En 1966, Ebong Ngole est nommé préfet du Bui (Kumbo), puis muté dans la Momo (Mbengwi), avant d’atterrir à la tête de la Mezam (Bamenda) le 24 mars 1972. La même année, l’homme est muté dans le Donga-Mantung en août, avant de retourner deux ans après dans le Bui. Deux ans après, l’homme quitte le Nord-ouest pour le Sud-ouest. Pour trois départements : le Fako (Limbé), la Manyu (Mamfé) et le Ndian (Mundemba). Les portes de la province du Sud-ouest lui sont ouvertes en 1989, pour deux ans. L’ancien préfet qui a administré plusieurs départements du Nord-ouest hérite des fonctions de gouverneur de la région qui vient de vivre la naissance du Social democratic front (Sdf) le 26 mai 1990. Arès avoir souffert le chaud et le froid des Villes mortes, John Ebong Ngole est rappelé à Yaoundé pour être nommé ministre chargé de missions à la présidence de la République.

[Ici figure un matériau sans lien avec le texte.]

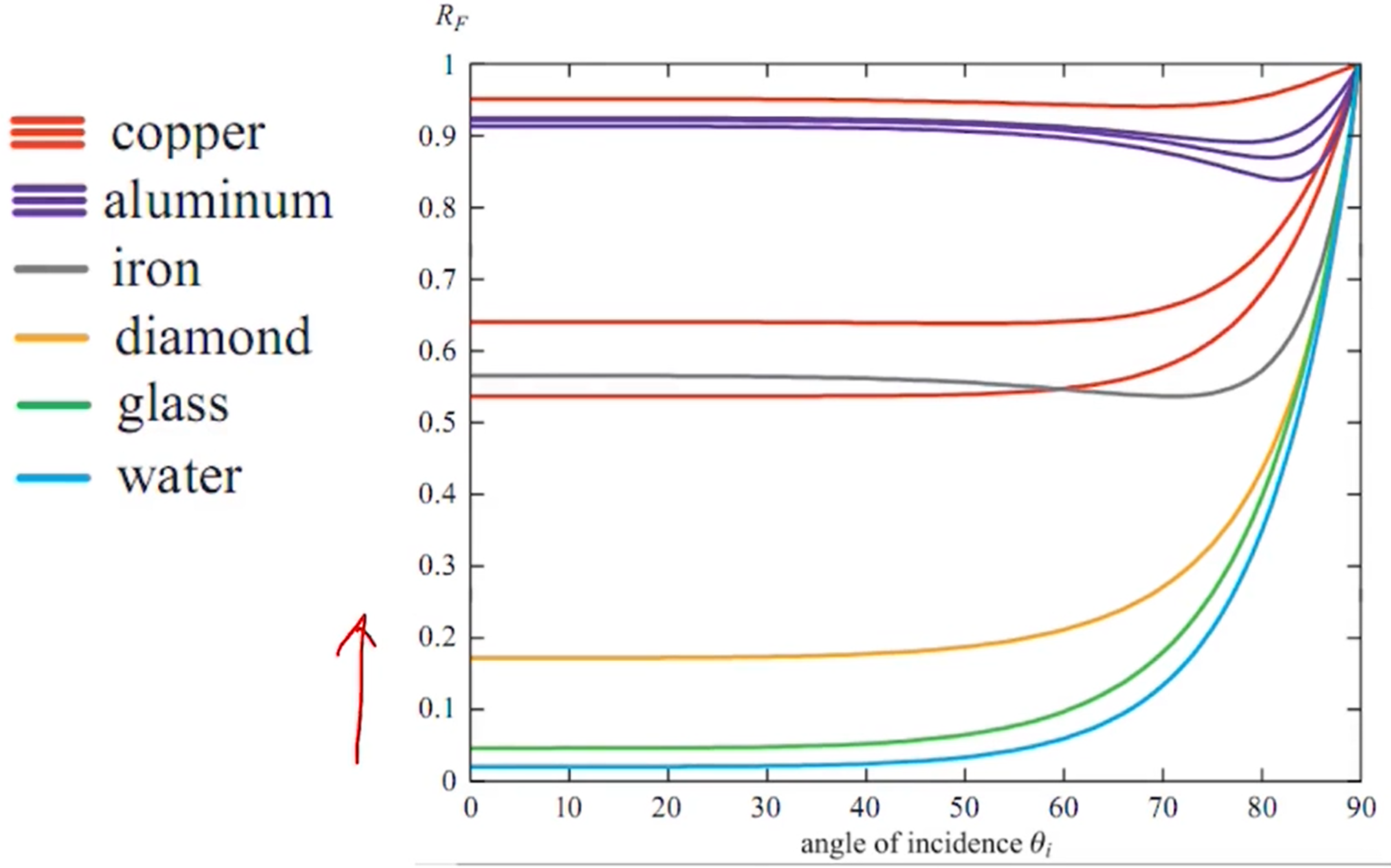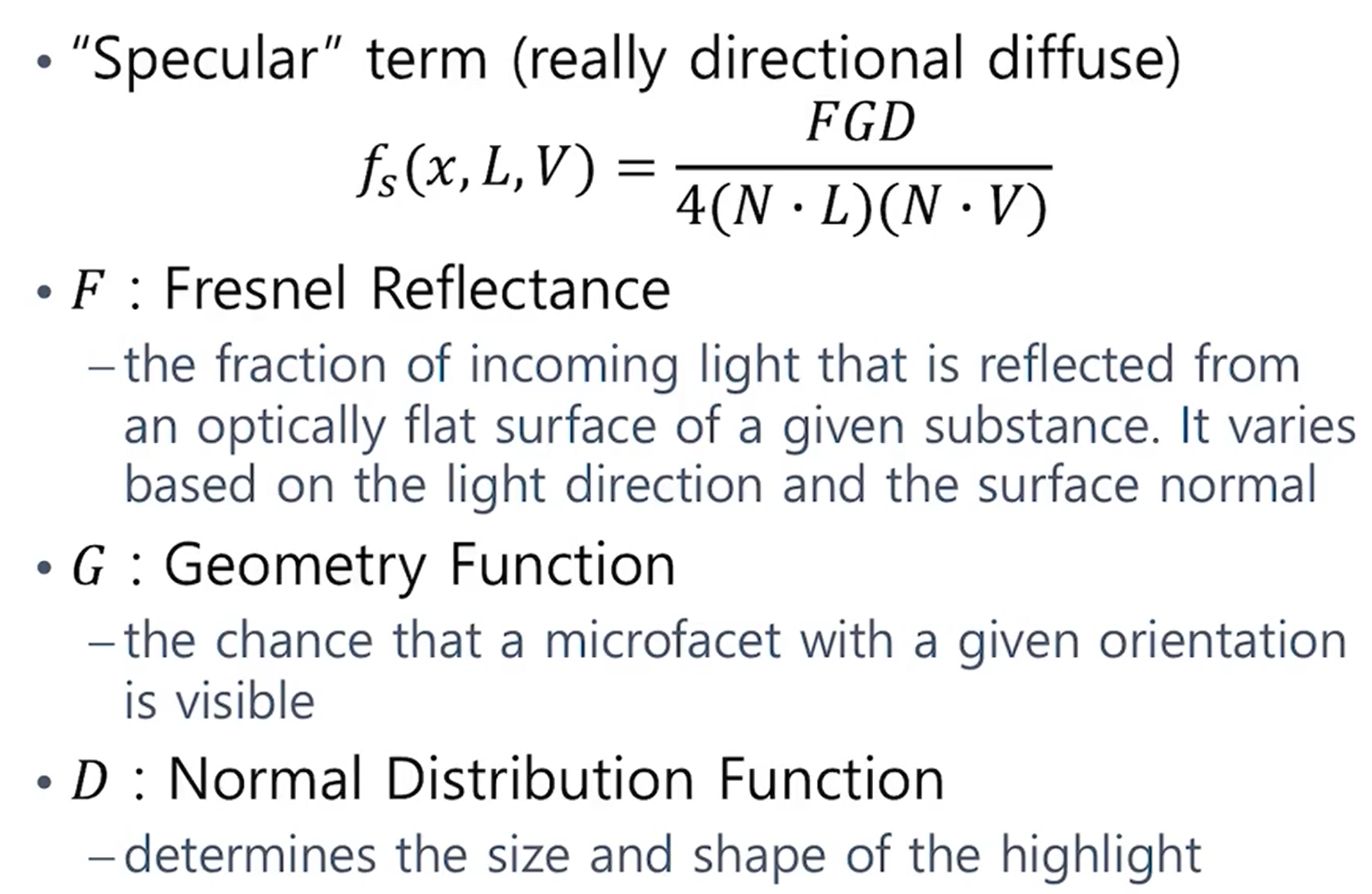 - F는 입사각과 같은 각으로 반사 되는 비율을 나타낸다(정반사). 입사각과 surface에 normal에 좌우된다.
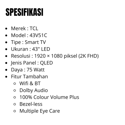 #TVTCL43V51CF #TV TCL 43V51C #smart tv 43" #smart tv 43inch #smart tv 43 inch #tv digital #peralatan elektronik #alat elektronik#televisi

Avec ce décès, John Ebong Ngole échappe à une humiliation à laquelle il était exposé. L’homme était embarqué dans l’affaire Charles Metouk. Après avoir été limogé de la direction générale de l’entreprise pétrolière en février 2013, Charles Metouk avait réussi à se glisser plusieurs fois dans son ancien bureau après la passation de documents avec son successeur. La nouvelle proie de l’opération Epervier avait présenté une lettre du PCA lui accordant l’autorisation d’accéder à son bureau pour « préparer la transmission des dossiers au nouveau directeur général». Depuis, John Ebong Ngole se bat à échapper à la prison. En 2019, l’homme a été débarqué de la présidence du Conseil d’administration (remplacé par Bertha Ndoh), afin de préparer librement sa défense. Lui qui comparaissait libre. Une nouvelle audience de l’affaire était d’ailleurs prévue ce jour au tribunal criminel spécial.